▶ _What you are asked to do_
The line with "這是征費(fèi)四班班長(zhǎng)" marks where to begin; print it and all lines after it in the material below exactly, skipping pictures.

▶ _Information shown_
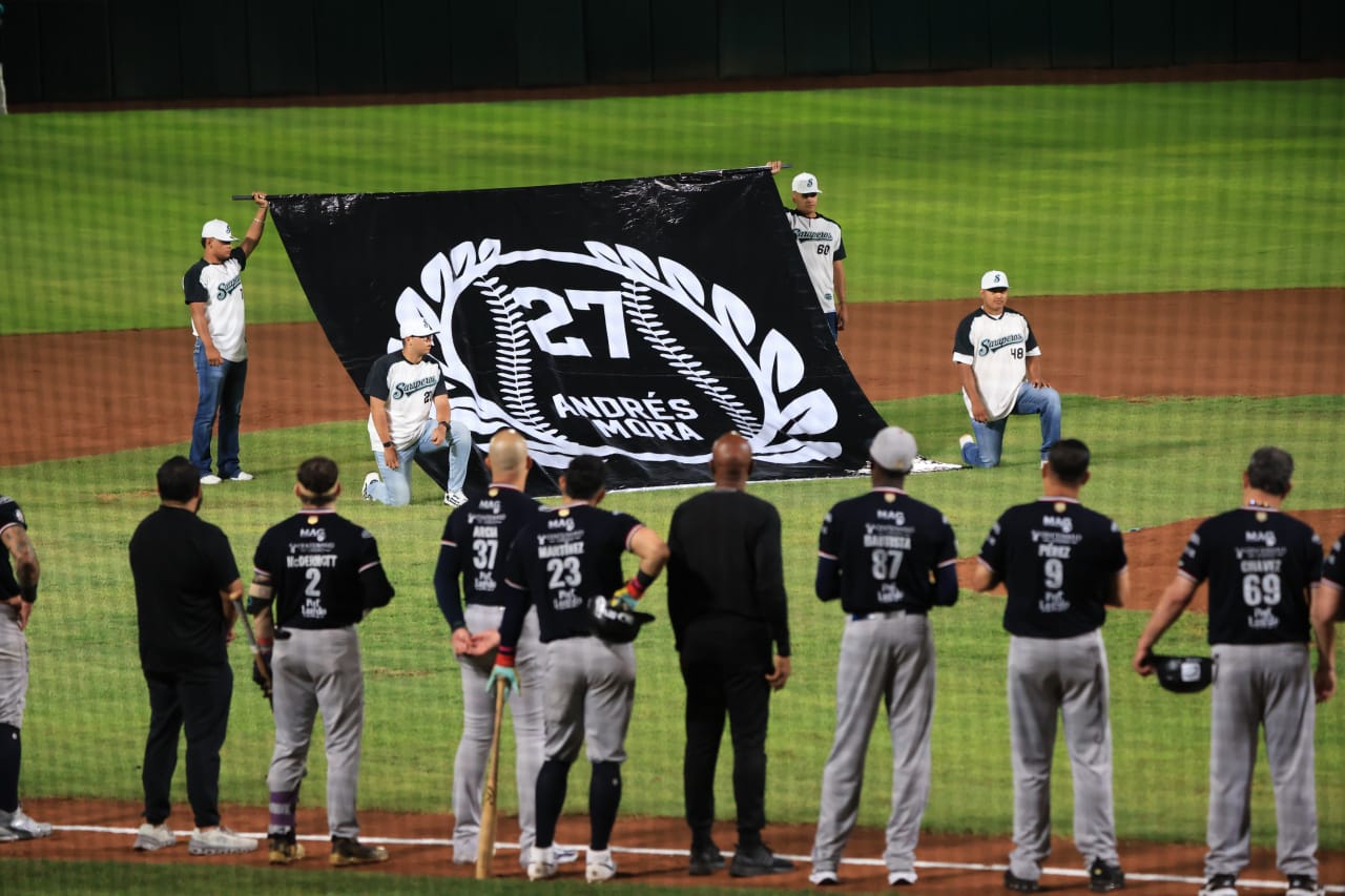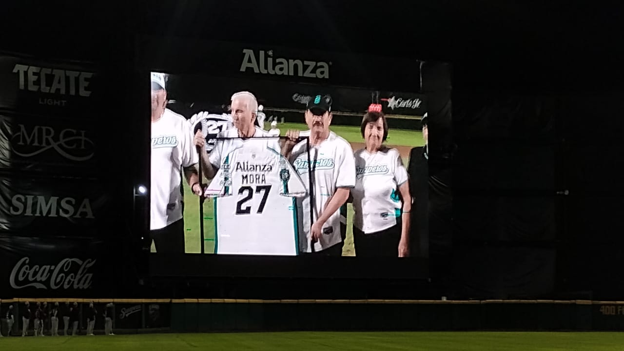 En una breve, pero significativa ceremonia, se realizó también el retiro del número 27 que distinguiera a Andrés Mora, quien de acuerdo con la directiva de la Nave Verde dejó una huella imborrable en la historia del club Saraperos de Saltillo.
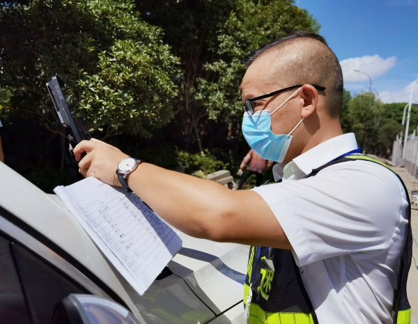 這是征費(fèi)四班班長(zhǎng)鄭星和駕駛員的對(duì)話,他手持iPad,不停地在屏幕上滑動(dòng)著、查詢著。天氣炎熱,貨車開車時(shí)較為顛簸,3M膠軟化黏不牢,ETC設(shè)備容易脫落。ETC設(shè)備一旦掉落,會(huì)提示“標(biāo)簽已失效”,就無(wú)法正常工作,不能實(shí)現(xiàn)不停車出入高速公路ETC車道給來(lái)往司機(jī)和收費(fèi)人員增添了很多麻煩。為全力配合ETC服務(wù)需要,鄭星冒著酷暑高溫,不厭其煩幫著司乘人員解決問題,一天下來(lái)工作服濕了又干,干了又濕,他就是臺(tái)州高速上的最美堅(jiān)守者。
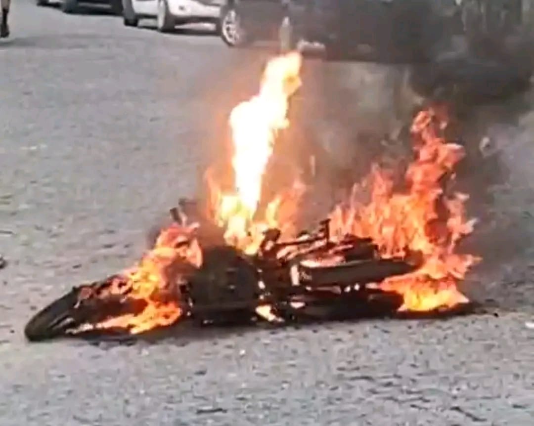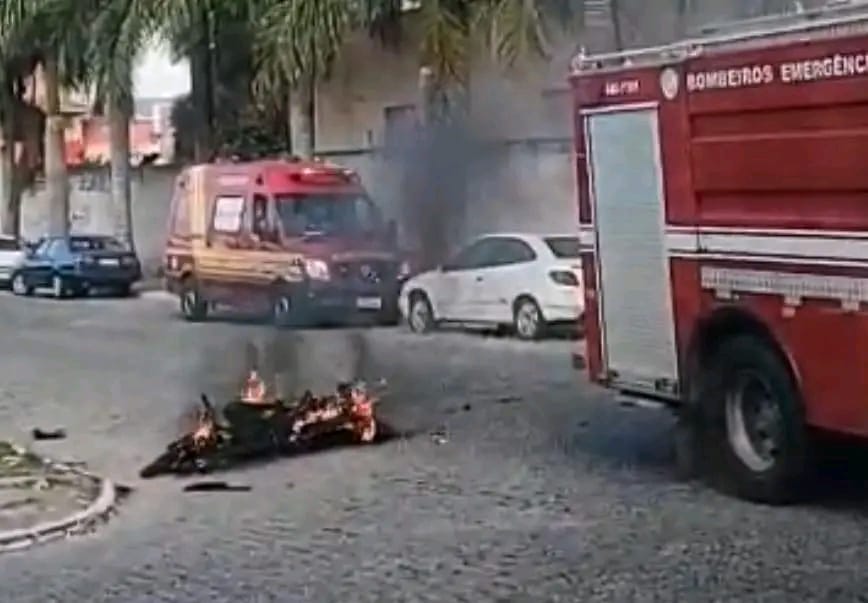 MOTOCICLETA PEGA FOGO APÓS COLISÃO FRONTAL NA VILA BRASIL EM CRUZEIRO

▶ _Output of the exercise_
 這是征費(fèi)四班班長(zhǎng)鄭星和駕駛員的對(duì)話,他手持iPad,不停地在屏幕上滑動(dòng)著、查詢著。天氣炎熱,貨車開車時(shí)較為顛簸,3M膠軟化黏不牢,ETC設(shè)備容易脫落。ETC設(shè)備一旦掉落,會(huì)提示“標(biāo)簽已失效”,就無(wú)法正常工作,不能實(shí)現(xiàn)不停車出入高速公路ETC車道給來(lái)往司機(jī)和收費(fèi)人員增添了很多麻煩。為全力配合ETC服務(wù)需要,鄭星冒著酷暑高溫,不厭其煩幫著司乘人員解決問題,一天下來(lái)工作服濕了又干,干了又濕,他就是臺(tái)州高速上的最美堅(jiān)守者。
 MOTOCICLETA PEGA FOGO APÓS COLISÃO FRONTAL NA VILA BRASIL EM CRUZEIRO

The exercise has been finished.